TAKİP ET Google News ile Takip Et

15 Temmuz darbe girişimine STK’ların tepkileri devam ediyor. Darbenin ertesi günü 500 üyesiyle sokağa ilk çıkan STK’lardan  olan  Memur-Sen Konfederasyonu’nun   il Temsilcisi  Murat ERGEN gazetemize önemli açıklamalarda bulundu. Darbenin bu ülkenin altına dinamit koymak isteyen dış güçlerin desteğiyle yapıldığını bildiklerini belirten ERGEN “ Bu süreçte, milletin duruşu, tavrı, meydanlara inmesi ve darbeyi önlemek için; tankların altına kendini siper etmesi kurşunlara göğsünü gererek yürümesi gerçekten bu milletin çok necip bir millet olduğunun göstergesidir.  Memur-Sen olarak cuntacılara, darbeye karşı her zaman dik bir duruşumuz oldu. 15 Temmuz akşamından şimdiye kadar meydanları hiç terk etmedik.

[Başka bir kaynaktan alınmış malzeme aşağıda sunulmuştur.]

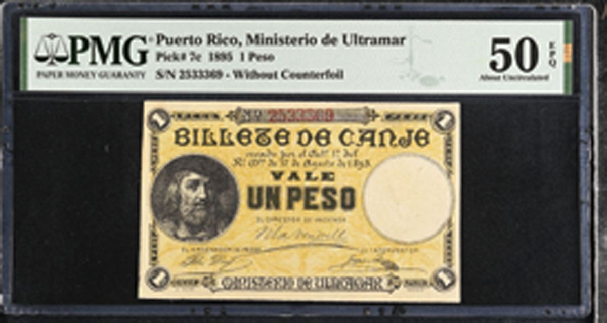 Puerto Rico, 1895. 1 Peso, P-7c, Issued Banknote, Black on gold underprint with portrait of man at left, Back is dark blue-green with arms at center, Note is without counterfoil, S/N 2533369, PMG graded About Uncirculated 50 EPQ.
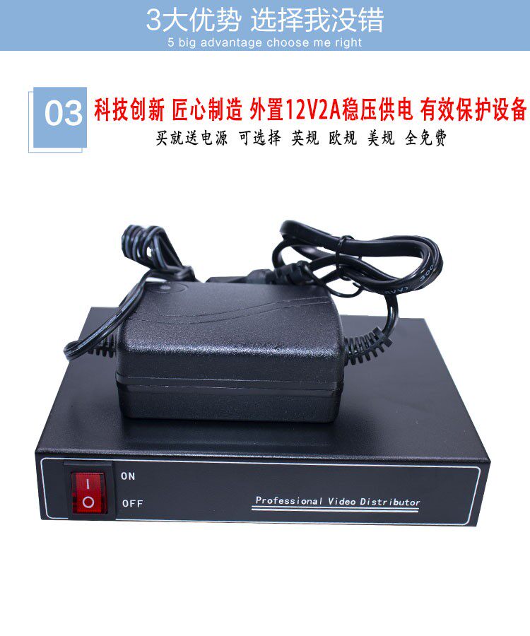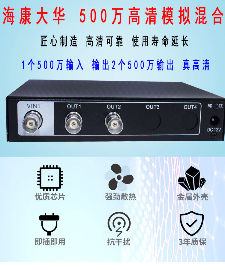 监控摄像机1进2出同轴高清视频分配器BNC分支器AV分屏器AHDCVITVI

Çünkü; biz biliyoruz ki darbeler sadece seçilmiş siyasete değil halka yapılır” dedi.  

Darbelerde Halkın İradesi Hep Yok Sayıldı

Ülkede geçmişte darbelerle birlikte camiler, okullar, kurumların kapatıldığını,  bu kurumların başına seçilmiş insanlar yerine atanmışlar getirilerek halkın iradesinin yok sayıldığını  söyleyen ERGEN  “Memlekette kaos yaratıldı,  demokrasi askıya alındı biz bunu geçmişte 1980 darbesinde yaşadık.  Buradan edindiğimiz tecrübelerle yine 28 Şubatta yaşadığımız  olaylar başörtülü kardeşlerimizin sınavdan atılması, işyerinden atılması, imam hatiplerin baskı altına alınması kapatılması biz bunları yaşadık.  27 Nisan e- muhtırasıyla  Abdullah Gül’ün eşi sıf  başörtülü diye cumhurbaşkanı seçilmek istenmedi ve 41 tane sivil toplum örgütü ortak basın açıklaması yaparak cumhuriyetin niteliklerini içine sindirememiş birisini biz cumhurbaşkanı yaptırmayız diye açıklama yapıldı. Bizde  Memur-sen olarakTürkiye’nin yedi büyük bölgesinde ortak akıl mitingleri düzenledik. Anayasada cumhurbaşkanı seçmenin kriteri bellidir, Abdullah Gül bu kriterlere uygundur ve bunun dışında eşinin başörtülü olması, namaz kılıyor olması, kuran okuyor olması bir insanın cumhurbaşkanı seçilmesine engel değildir diye fikrimizi ortaya koyduk. Bizim bu girişimimizle  41 STK  geri adım atmak zorunda kaldı” diye konuştu.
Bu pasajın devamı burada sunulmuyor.